EXERCISE BRIEF: Each line of the listing below must be retyped exactly, with images left out.

DATA EXTRACT:
----
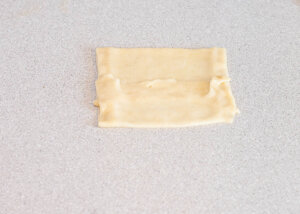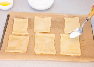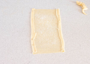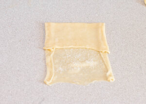 - Espolvorea una capa fina de azúcar en el centro del cuadrado, dejando 2 cm libre en todo el perímetro para que el cierre selle bien.
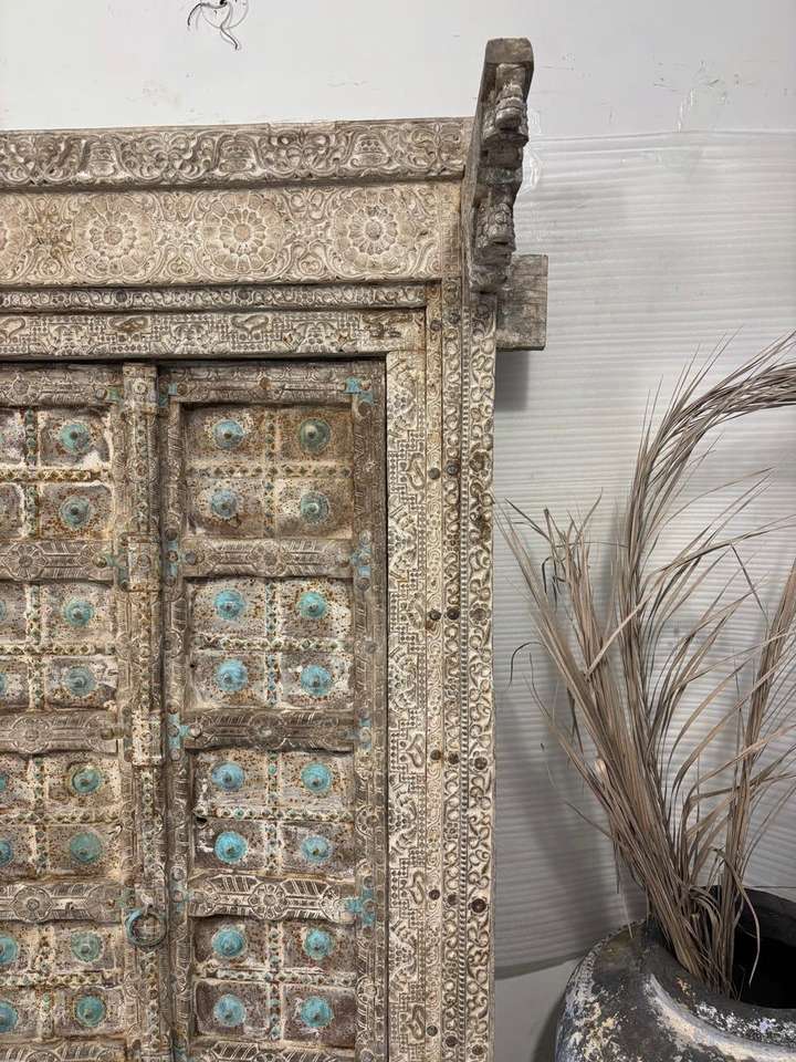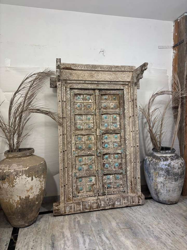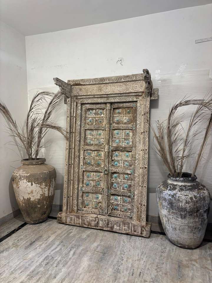 ประตูไม้เนื้อแข็งโบราณพร้อมกรอบแกะสลักด้วยมือ สไตล์โมเดิร์นกลางศตวรรษ เหมาะสำหรับห้องนอน ห้องนั่งเล่น และห้องรับประทานอาหารในวิลล่าหรู
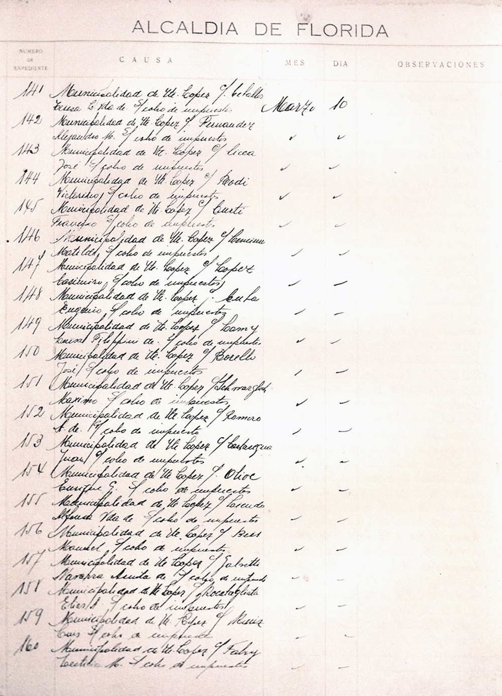 Copia de foja del Archivo Judicial de San Isidro, relacionada con la Alcaldía de Florida. El trazado del pueblo de Florida fue aprobado el 7 de mayo de 1891 por decreto del entonces Intendente de San Isidro, Francisco Pitt.
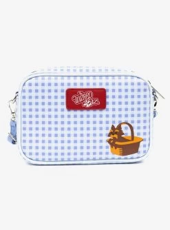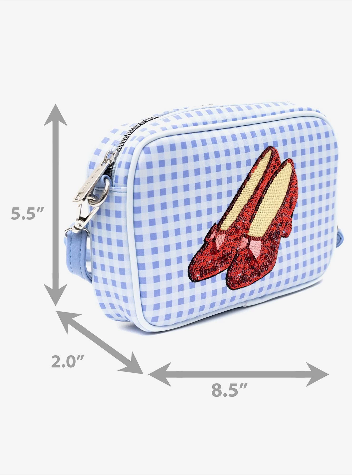 This stylish and versatile crossbody bag features an eye-catching sequined Ruby Slippers design with Toto Basket Pose, set against a timeless Gingham Checker Blue background. Crafted from durable Vegan Leather, this bag is both elegant and practical, with an adjustable strap that can be worn between 34-68 inches for a comfortable fit.
----
FINISHED EXERCISE:
 - Espolvorea una capa fina de azúcar en el centro del cuadrado, dejando 2 cm libre en todo el perímetro para que el cierre selle bien.
 ประตูไม้เนื้อแข็งโบราณพร้อมกรอบแกะสลักด้วยมือ สไตล์โมเดิร์นกลางศตวรรษ เหมาะสำหรับห้องนอน ห้องนั่งเล่น และห้องรับประทานอาหารในวิลล่าหรู
 Copia de foja del Archivo Judicial de San Isidro, relacionada con la Alcaldía de Florida. El trazado del pueblo de Florida fue aprobado el 7 de mayo de 1891 por decreto del entonces Intendente de San Isidro, Francisco Pitt.
 This stylish and versatile crossbody bag features an eye-catching sequined Ruby Slippers design with Toto Basket Pose, set against a timeless Gingham Checker Blue background. Crafted from durable Vegan Leather, this bag is both elegant and practical, with an adjustable strap that can be worn between 34-68 inches for a comfortable fit.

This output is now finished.